A lookaround must be wrapped in parentheses if it is followed by another expression:
(>> [word]) [Greek]
Note that a lookaround contains an expression, so it introduces a new scope and can include statements.
Example
(!<< [w])
(>>
disable unicode;
let aw = [w];
aw{3}
)
Support
Support for lookaround is gated by the lookahead
and lookbehind
features. Specify features with
the --allowed-features
option.
Lookahead is supported almost everywhere. Lookbehind support is more limited:
PCRE
PCRE does not support arbitrary-length lookbehind. PCRE must be able to determine the length of
the lookbehind in advance, so << 'foo'{3}
works, but << 'foo'+
does not. PCRE has a special case that a lookbehind containing an alternation works even if the
alternatives have different lengths, but each alternative must be constant-length.
JavaScript
JavaScript fully supports lookahead and lookbehind. However, lookbehind is still unsupported in some older browsers (notably, Safari up to version 16.3).
Java
Before Java 13, repetition in lookbehind was required to be finite, *
and +
did not work.
Since Java 13, repetition can be unbounded, but may not correctly handle repetition with multiple
quantifiers if one of them is unbounded. Lookbehind also may not contain backreferences.
Python
Python supports lookahead and constant-length lookbehind. Repetitions and alternations like
<< 'a' | 'bb'
are forbidden in lookbehind.
Ruby, .NET
Full support for both lookahead and lookbehind
Rust
Lookaround not supported
Behavior
Lookahead checks if the contained expression matches at the current position. If it matches, the lookahead succeeds, otherwise it fails. Lookahead can be negated. A negative lookahead succeeds if the expression does not match. After the lookahead succeeded, the regex engine returns to the position in the string where it was before the lookahead, so the string matching the lookahead is not consumed.

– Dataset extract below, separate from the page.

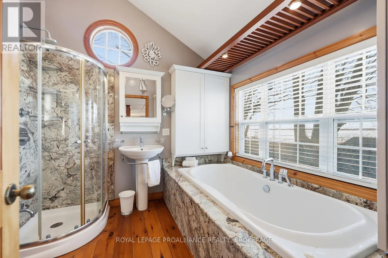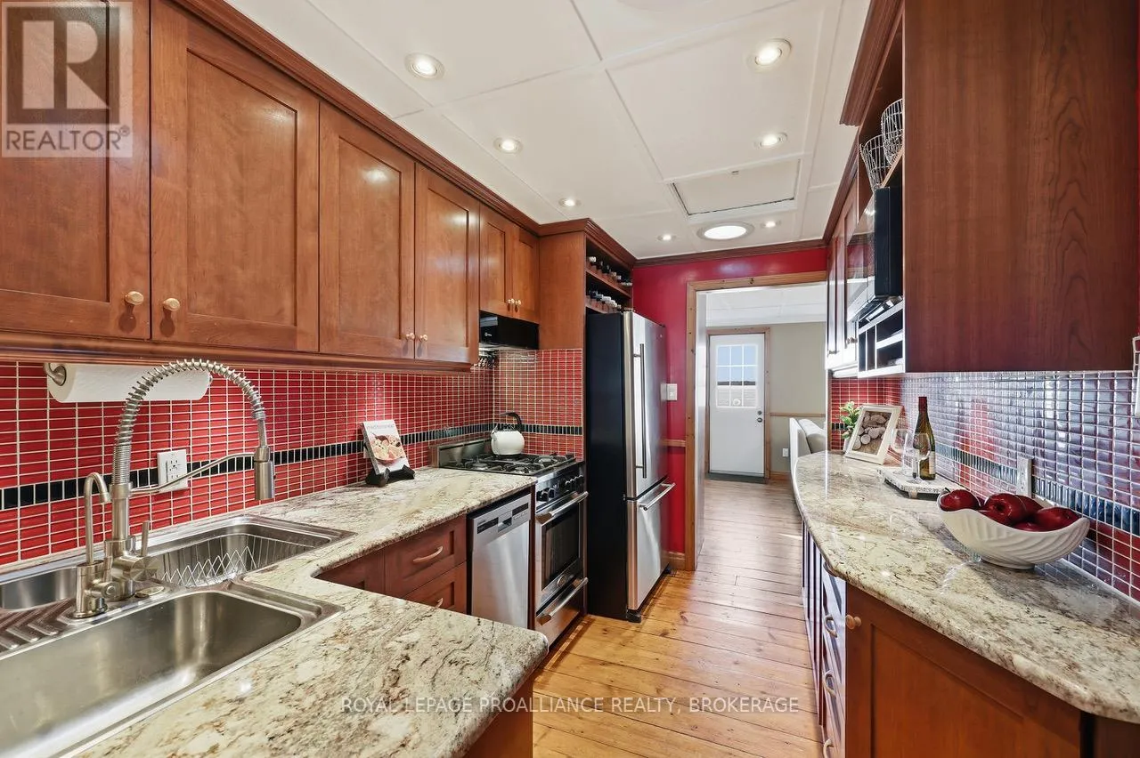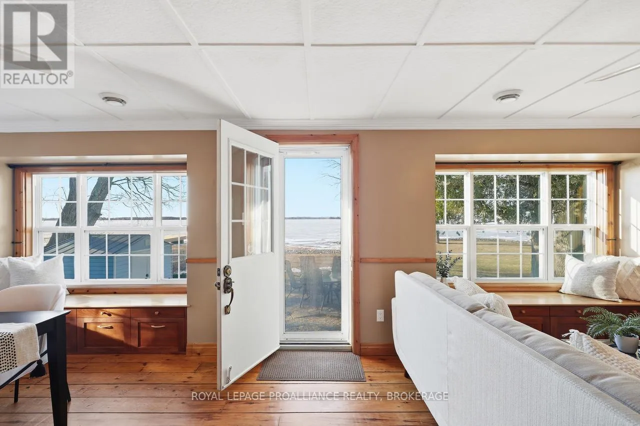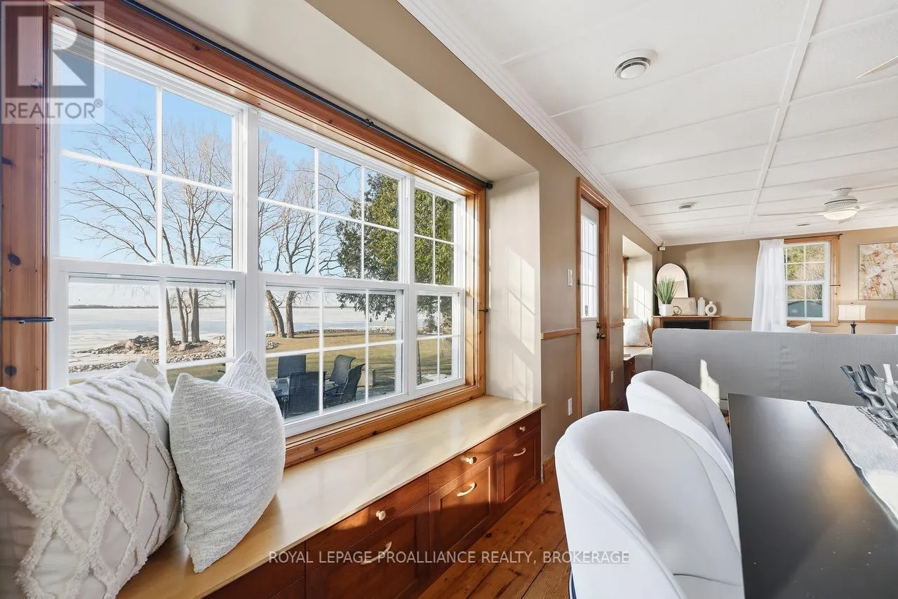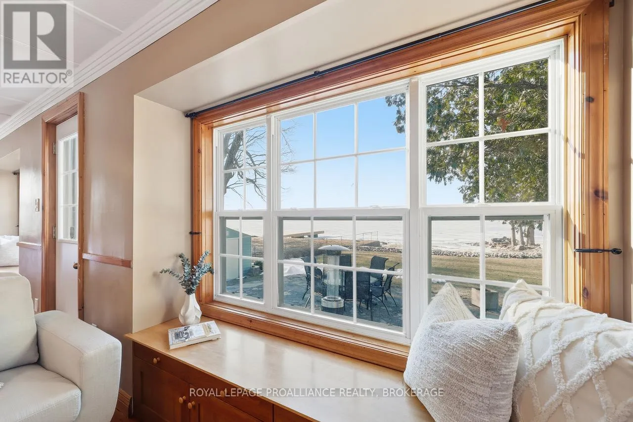 Cross Streets: Edgewood Rd & Bath Rd. ** Directions: Bath Rd to Edgewood Rd to Nicholson Point Rd. Lake Ontario waterfront, on a quiet street just minutes from the city, surrounded by protected forest and move-in ready. At $825,000, it's the kind of property that makes you stop and wonder how it's even possible. This absolutely charming 2-bedroom, 1-bath home has been meticulously maintained and thoughtfully updated over decades of proud ownership. All of the important work is done: metal roof, updated Ecoflow septic system (sized for a much larger home). energy improvements including windows and significant insulation upgrades. Move-in ready doesn't quite do it justice. Beyond care and maintenance, what sets this home apart is the intention behind it. Inspired by Christopher Alexander's A Pattern Language, the design focuses on natural light, comfort and everyday livability - with windows on multiple sides of each room, cozy window seats and clever storage throughout. Originally built in 1948, the home retains character where it matters. The red pine floors in particular are a standout - warm, natural and timeless. Outside, the setting is just as compelling. Expansive views across Lake Ontario toward Amherst Island, mature trees, perennial gardens and a peaceful, welcoming atmosphere. Directly across the road, protected woodland offers trails, wildflowers and a natural landscape that will remain untouched forever. It's a place to slow down, unwind and feel connected - to the water, nature and to home. Ideal for down-sizers, couples or anyone seeking a waterfront getaway. With the oversized septic system there's also flexibility for significant expansion or to reimagine the home over time. It's a rare opportunity to step into lake Ontario waterfront living at a price you can afford. (id:27476)

Conceptually, lookbehind works in the same way, except that the expression is matched in reverse direction against the text preceding the current position. In reality, however, many regex engines do not match in reverse direction but go back n characters and check if the next n characters match the lookbehind.
Compilation
>> ...
is compiled to(?=...)
!>> ...
is compiled to(?!...)
<< ...
is compiled to(?<=...)
!<< ...
is compiled to(?<!...)
Issues
The various limitations on lookbehind by different regex engines are not enforced at the moment.
Security concerns
Lookbehind can be slow in some regex engines.
History
Initial implementation in Pomsky 0.1